Beta
Podcast cover art for: Why so many studies can’t be replicated
Science Friday
Ira Flatow·11/04/2026

Why so many studies can’t be replicated

This is a episode from podcasts.apple.com.
To find out more about the podcast go to Why so many studies can’t be replicated.

Below is a short summary and detailed review of this podcast written by FutureFactual:

DARPA SCORE Replication Crisis: Open Science, Data Sharing and Reproducibility Across Economics, Education, and Psychology

Science Friday explores how replication of findings in the social sciences is evolving, focusing on the DARPA SCORE project and what it reveals about trust in research. The discussion highlights how large-scale checks across economics, education and psychology found replication rates around fifty percent, underscoring the need for data and code sharing, robust methods, and new tools to assess confidence in findings.

  • The replication crisis is a process, not a binary truth; large-scale analyses reveal how much confidence we should place in published results.
  • SCORE examined thousands of papers across several fields, illustrating broad replication challenges.
  • Data and code sharing are essential to enable reproduction and scrutiny of findings.
  • AI may help automate replication and robustness checks while normative changes in journals, institutions, and funders shape incentives.

Introduction: The replication crisis and SCORE

The podcast introduces the replication crisis as a core reason science uses a method—testing assumptions to gain trustworthy results. Ira Flatow summarizes how SCORE, a DARPA-funded, multi-disciplinary project, sought to go beyond re-running experiments to develop AI-assisted tools for assessing confidence in research findings. The SCORE study analyzed thousands of papers in economics, education, and psychology over a decade, revealing that only about half could be replicated, underscoring the scale of the challenge in the social behavioral sciences.

"Science is a process. It's really easy to forget that." - Tim Arrington

SCORE’s scope and what makes it different

Tim Arrington explains SCORE’s breadth, noting that it was designed to create a ground truth for testing automated confidence assessment tools, not merely to repeat experiments. The project spans 62 journals across economics, education, and psychology, covering ten years of research. This breadth is presented as a key factor that distinguishes SCORE from earlier replication efforts and positions it at the intersection of open science and AI-assisted research evaluation.

"There’s a lot of good research out there, and unfortunately there’s also research that is less good." - Abel Brodeur

Why replication matters for policy and daily life

The hosts and guests discuss the implications of replication for policy decisions and individual behavior. The research areas cited include how public employees leave civil service or how crime victimization might influence political participation, illustrating the tangible policy outcomes tied to research reliability.

Common replication barriers and data sharing

Both Tim Arrington and Abel Brodeur describe barriers to replication, especially around data access, data collection methods, and analysis pipelines. They emphasize that many studies do not openly share data or the precise methodologies used, which makes exact reproduction difficult and sometimes impossible. The discussion points to the cultural and systemic shifts needed—sharing data, sharing code, and improving incentives for researchers to expose their data and methods to scrutiny.

"it’s hard to do that when you don’t share data." - Tim Arrington

New replication findings in economics and political science

A separate replication study from the universe of economics and political science shows improvements in data sharing since SCORE began in 2019. Data sharing is rising, but issues persist: coding errors appeared in 15-20% of papers, and results were robust about 75% of the time. The Institute for Replication notes significant variation in data sharing norms across fields such as economics, political science, psychology, public health, and environmental research, indicating that progress is real but uneven.

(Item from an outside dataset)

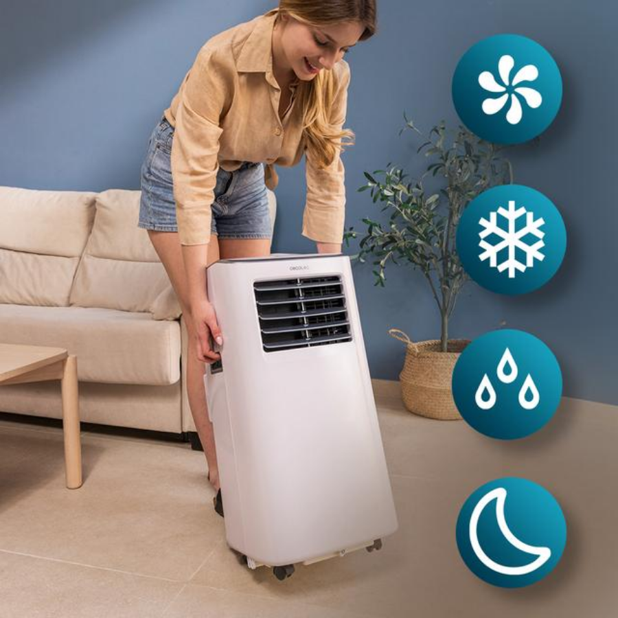 • Aire acondicionado portátil con una gran capacidad de enfriamiento de 7000 BTU. Dicha capacidad facilita conseguir la temperatura deseada en la estancia de manera rápida y eficaz.
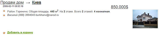 Зараз, після падіння цін, спричиненого кризою, подібна, як каже Ганна Герман, "сільська хата" коштує від 500 до 850 тисяч доларів.

"coding errors in 15, 20% of papers. Results are robust maybe 75% of the time." - Abel Brodeur

AI's promise and the path forward

The discussion pivots to AI’s role in replication, including two futures: one where AI can generate content that clouds reproducibility and another where AI helps automate reproductions, describes data, and explores robust, plausible alternative analyses. The guests agree that AI could support more comprehensive robustness checks, but careful governance and clear norms are essential to ensure AI tools enhance, rather than undermine, scientific integrity.

Takeaways for trust in science and headlines

Bell and Tim Arrington stress that trusting science requires patience and a willingness to see results replicated by multiple independent researchers over time. The speakers advocate for a stronger culture of replication, better sharing practices, and improved training for researchers in documenting data and code. The takeaway is to assess new results cautiously, waiting for independent replication before embracing headlines as truth.

"I don’t know which result I can really trust versus those that I cannot trust." - Abel Brodeur

Conclusion

The podcast ends with a shared optimism that the replication crisis can drive meaningful improvements in how science is conducted and shared, highlighting opportunities to harness AI for reproducibility while strengthening norms, governance, and incentives across journals, institutions, and funders.